→ YOUR GOAL:
From the listing below, give again exactly the lines from the line with "Карлсен. Сергей Шипов!" to the line with "湖人主場以107:96擊敗爵", ends included, without any pictures.

→ MATERIAL FOR THE TASK:
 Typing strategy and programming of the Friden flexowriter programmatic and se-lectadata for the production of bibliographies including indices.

...

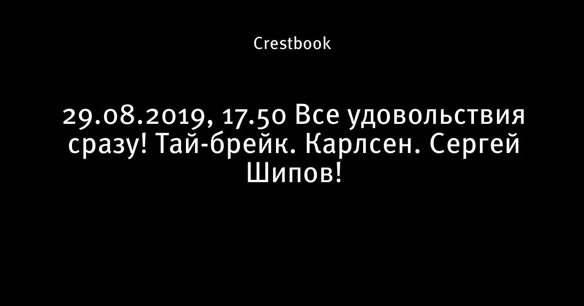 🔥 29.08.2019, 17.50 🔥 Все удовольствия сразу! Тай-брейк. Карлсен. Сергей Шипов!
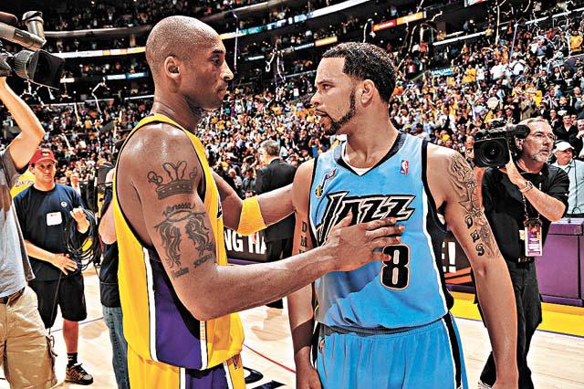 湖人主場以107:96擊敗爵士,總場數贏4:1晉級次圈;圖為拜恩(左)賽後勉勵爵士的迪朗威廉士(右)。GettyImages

→ RESULT BELOW:
 🔥 29.08.2019, 17.50 🔥 Все удовольствия сразу! Тай-брейк. Карлсен. Сергей Шипов!
 湖人主場以107:96擊敗爵士,總場數贏4:1晉級次圈;圖為拜恩(左)賽後勉勵爵士的迪朗威廉士(右)。GettyImages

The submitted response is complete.